Omit the pictures, and output the rest of the entries exactly as written.

[[ THE DATA open ]]

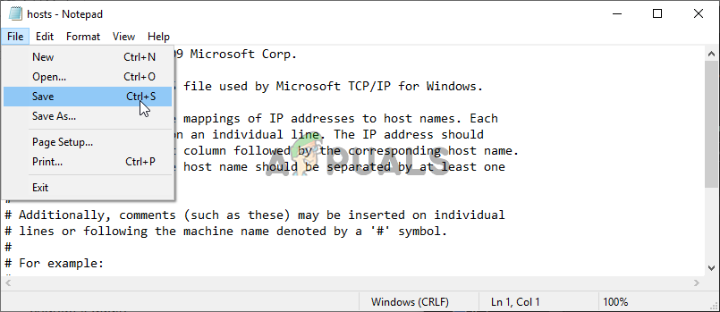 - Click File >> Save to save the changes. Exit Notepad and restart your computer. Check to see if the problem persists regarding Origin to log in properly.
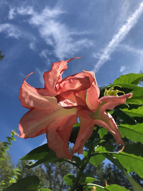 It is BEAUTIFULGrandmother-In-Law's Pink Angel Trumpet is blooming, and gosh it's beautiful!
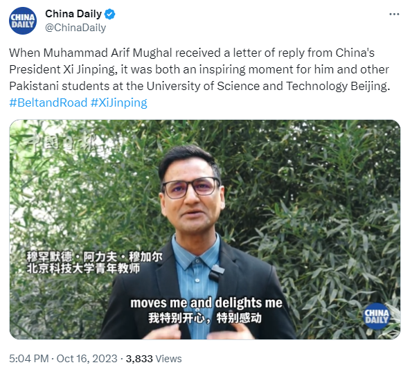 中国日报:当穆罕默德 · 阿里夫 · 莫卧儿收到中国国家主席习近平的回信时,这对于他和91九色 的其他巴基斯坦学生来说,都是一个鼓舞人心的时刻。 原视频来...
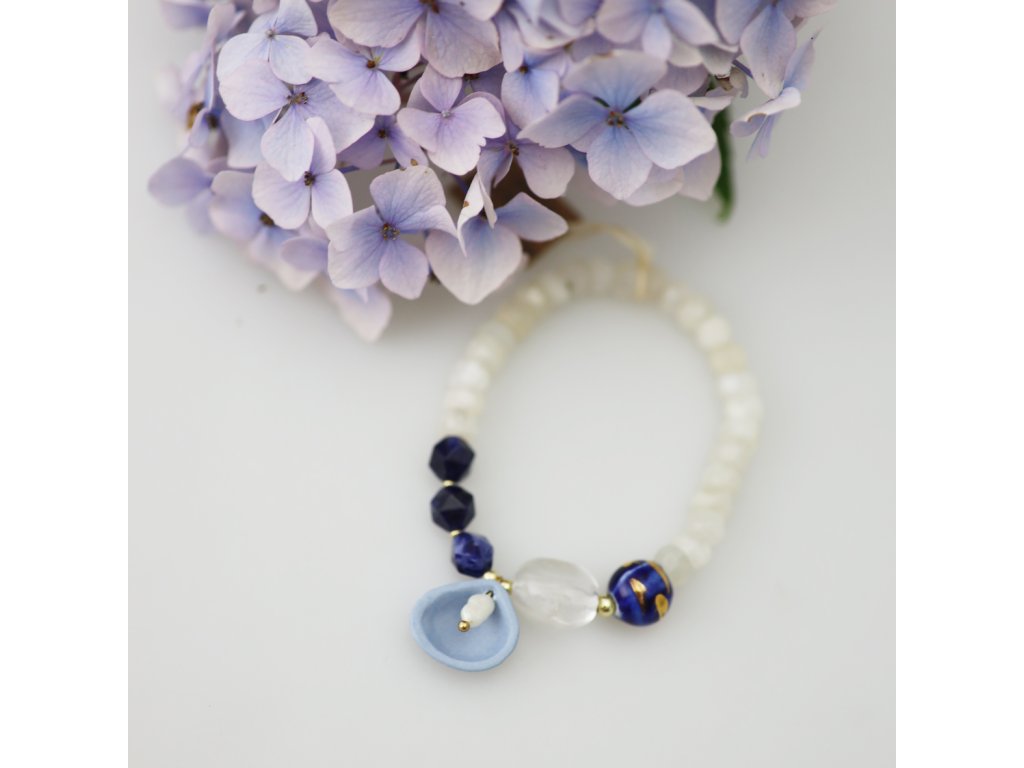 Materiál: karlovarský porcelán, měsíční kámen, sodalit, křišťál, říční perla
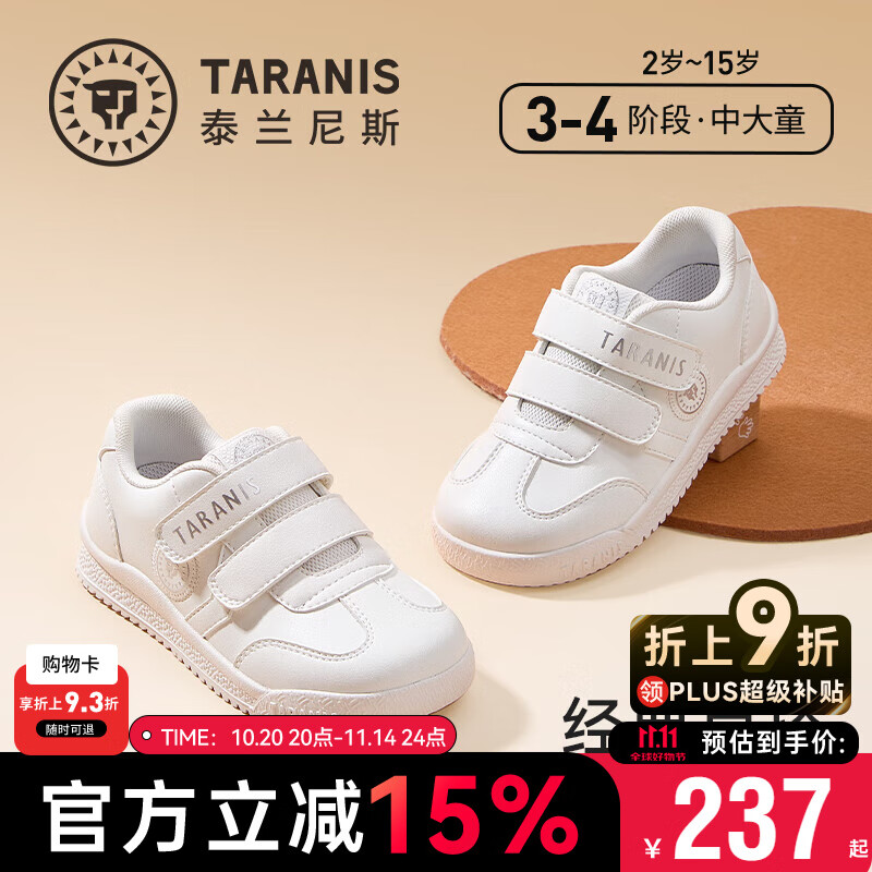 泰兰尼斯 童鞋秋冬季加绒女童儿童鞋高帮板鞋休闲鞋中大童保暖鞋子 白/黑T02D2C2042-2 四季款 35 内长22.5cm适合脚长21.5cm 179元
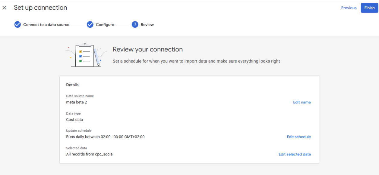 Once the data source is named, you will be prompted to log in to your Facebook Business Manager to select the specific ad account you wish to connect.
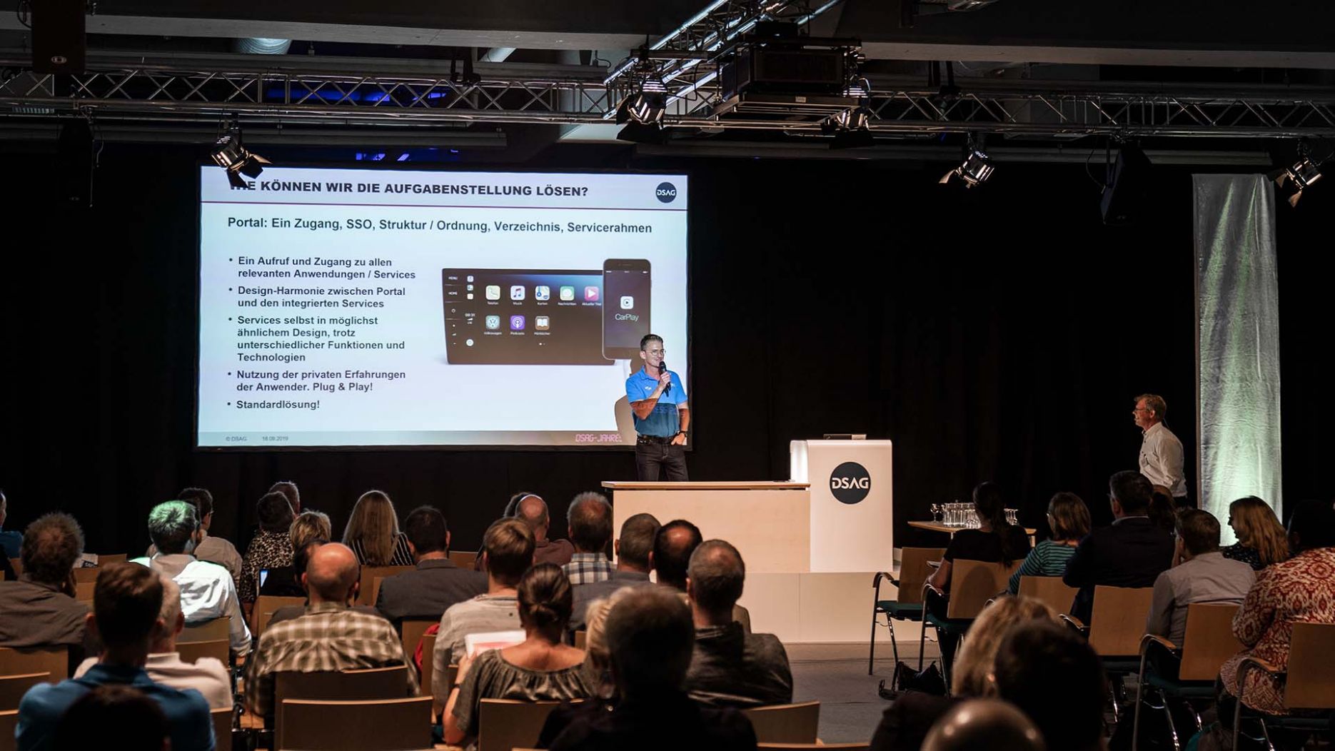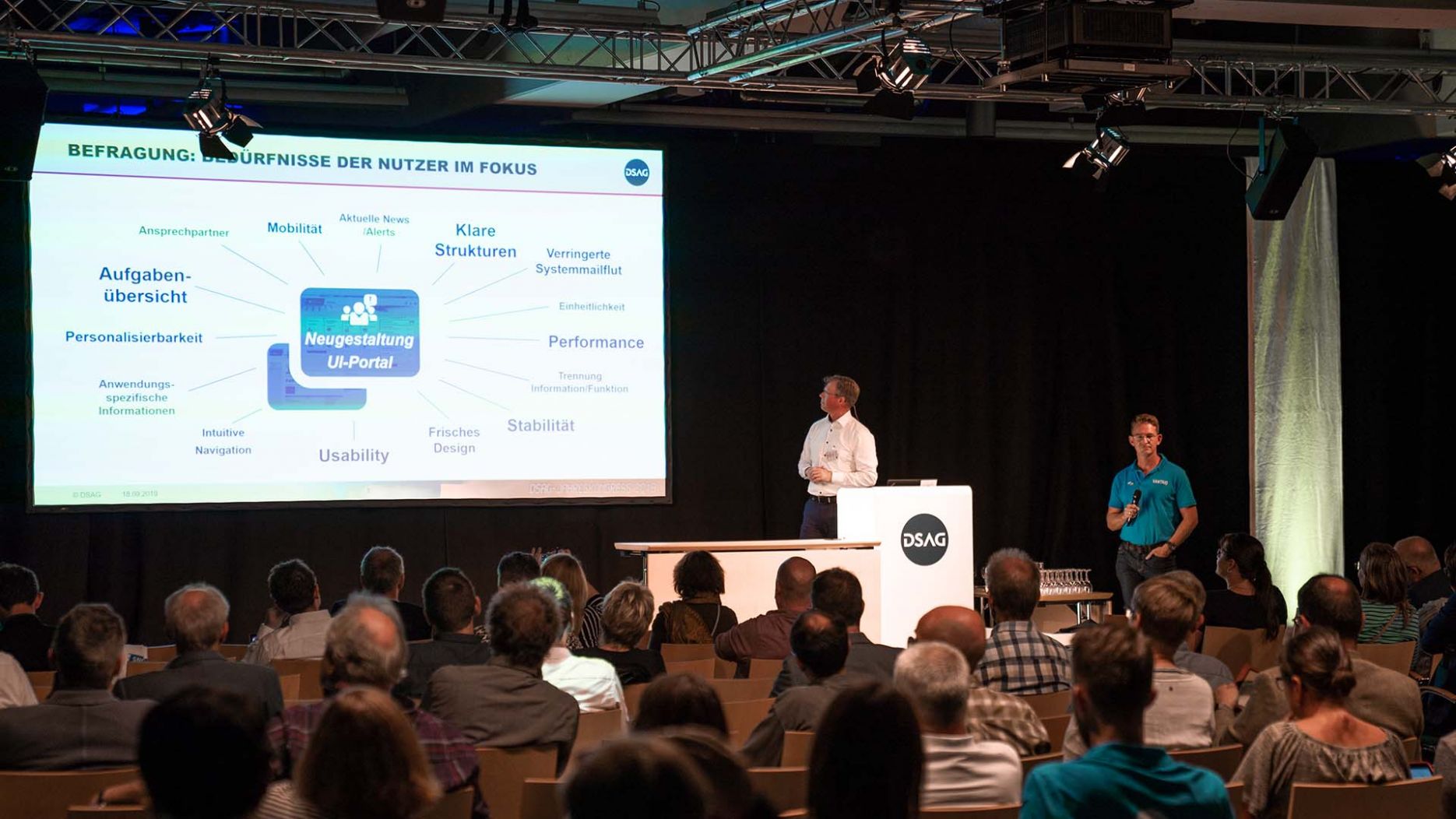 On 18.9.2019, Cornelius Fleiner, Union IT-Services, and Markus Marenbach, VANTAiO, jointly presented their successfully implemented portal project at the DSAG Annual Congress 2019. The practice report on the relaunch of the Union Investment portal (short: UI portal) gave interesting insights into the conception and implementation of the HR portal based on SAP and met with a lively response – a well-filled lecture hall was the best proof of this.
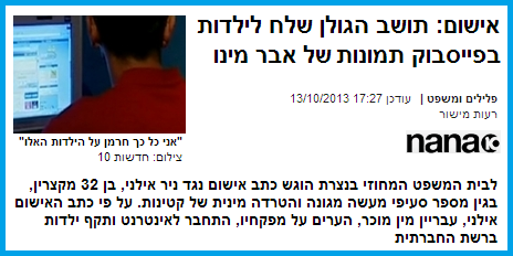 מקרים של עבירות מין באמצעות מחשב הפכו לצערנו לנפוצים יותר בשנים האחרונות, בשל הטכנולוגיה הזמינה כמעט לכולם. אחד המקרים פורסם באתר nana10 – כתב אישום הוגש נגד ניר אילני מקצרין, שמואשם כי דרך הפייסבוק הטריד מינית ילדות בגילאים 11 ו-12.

[[ THE DATA closed ]]

ANSWER SECTION:
 - Click File >> Save to save the changes. Exit Notepad and restart your computer. Check to see if the problem persists regarding Origin to log in properly.
 It is BEAUTIFULGrandmother-In-Law's Pink Angel Trumpet is blooming, and gosh it's beautiful!
 中国日报:当穆罕默德 · 阿里夫 · 莫卧儿收到中国国家主席习近平的回信时,这对于他和91九色 的其他巴基斯坦学生来说,都是一个鼓舞人心的时刻。 原视频来...
 Materiál: karlovarský porcelán, měsíční kámen, sodalit, křišťál, říční perla
 泰兰尼斯 童鞋秋冬季加绒女童儿童鞋高帮板鞋休闲鞋中大童保暖鞋子 白/黑T02D2C2042-2 四季款 35 内长22.5cm适合脚长21.5cm 179元
 Once the data source is named, you will be prompted to log in to your Facebook Business Manager to select the specific ad account you wish to connect.
 On 18.9.2019, Cornelius Fleiner, Union IT-Services, and Markus Marenbach, VANTAiO, jointly presented their successfully implemented portal project at the DSAG Annual Congress 2019. The practice report on the relaunch of the Union Investment portal (short: UI portal) gave interesting insights into the conception and implementation of the HR portal based on SAP and met with a lively response – a well-filled lecture hall was the best proof of this.
 מקרים של עבירות מין באמצעות מחשב הפכו לצערנו לנפוצים יותר בשנים האחרונות, בשל הטכנולוגיה הזמינה כמעט לכולם. אחד המקרים פורסם באתר nana10 – כתב אישום הוגש נגד ניר אילני מקצרין, שמואשם כי דרך הפייסבוק הטריד מינית ילדות בגילאים 11 ו-12.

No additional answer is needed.